Две последние фамилии в цитате я специально пропустил, можете думать про кого угодно. Скажу лишь, что язык тогдашних газетных публикаций был остервенелым, хлестким, беспощадным. Доставалось в них и Всеволоду Никаноровичу Иванову, побывавшему к тому времени и шефом колчаковского бюро печати, и редактором ряда газет. Не церемонился и он в своих публикациях. И вообще, я думаю, тогдашние газетные склоки, ядовитые реплики, вроде «вечно пьяного Савоськи», нужно воспринимать скептически, а еще лучше с долей юмора. Хотя какой уж там юмор на исходе гражданской войны?
И еще в публикациях того времени, а также в более поздних эмигрантских воспоминаниях, крайне мало строк, посвященных прекрасным дамам, вдохновлявшим поэтов и журналистов. А если и есть, то опять же на скандальную, кабацкую тему, вроде… жена писателя такого-то, будучи в ресторане, огрела своего милого бутылкой по голове, а когда через некоторое время вступившие во Владивосток красные посадили его в тюрьму и приговорили к расстрелу, приносила ему водку и кокаин, плакала и материлась, умоляя тюремщиков отпустить на свободу своего непутевого и талантливого мужа…
Разумеется, к такой «залетной» богеме Всеволод Никанорович не относился.
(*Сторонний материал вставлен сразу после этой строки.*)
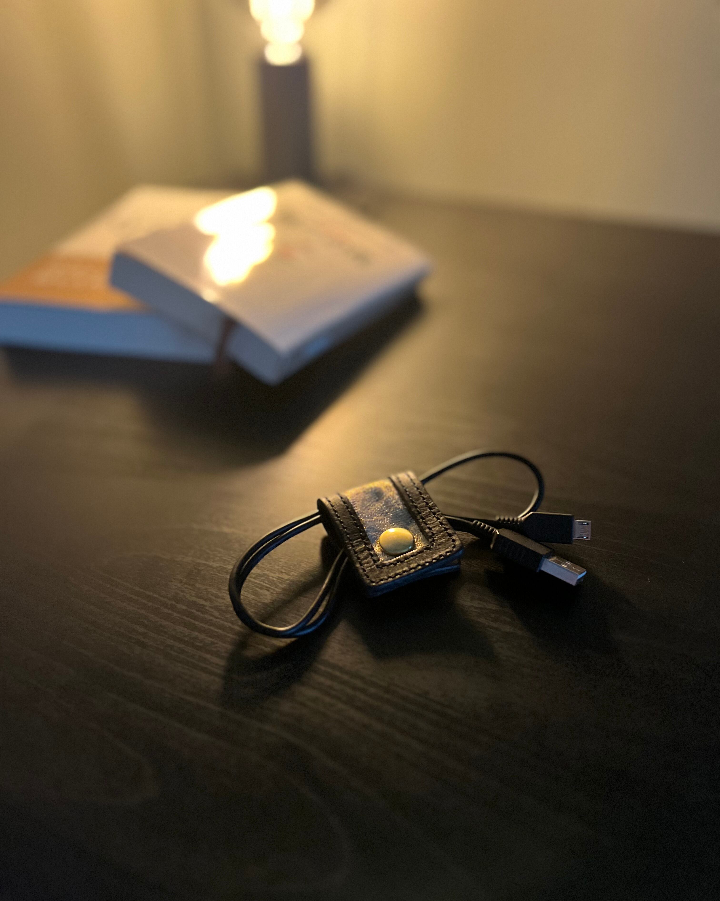 This cord holder is made from rich, deep black genuine leather and finished in a calm, understated tone. Free from ornate decoration, it showcases the beauty of quality materials and craftsmanship—an embodiment of true adult elegance.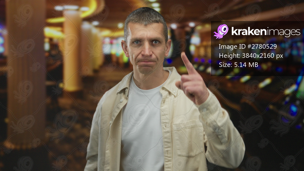 Man standing confidently in a vibrant casino environment, surrounded by slot machines, showcasing a casual yet focused demeanor as he engages with the bustling gambling scene. - Kraken Images

Ему на роду было написано смотреться солидно, респектабельно, возглавлять крупные газеты и встречаться с премьер-министрами. Но и он, конечно, был живым человеком, со своей бурной, насыщенной жизнью, выпивками и, как нетрудно догадаться, разнообразными и довольно сложными отношениями с женщинами, которым нравился. И такой крепкий, необузданный дядька, вкалывавший в журналистике, мне ближе и интереснее, чем обезличенный и во многом идеализированный образ «позднего», «остепенившегося» Всеволода Никаноровича.
Не буду продолжать эту тему. Скажу лишь, что личная жизнь писателя того, эмигрантского периода выпала из поля зрения его биографов. И слава Богу!
Ну а с Марией Ивановной Букреевой, которую я также по-доброму вспоминаю, Всеволод Никанорович связал свою судьбу позднее, вернувшись в сорок пятом году из эмиграции, когда уже был в пожилом возрасте. И был этот брак по-своему счастливым, на всю оставшуюся жизнь…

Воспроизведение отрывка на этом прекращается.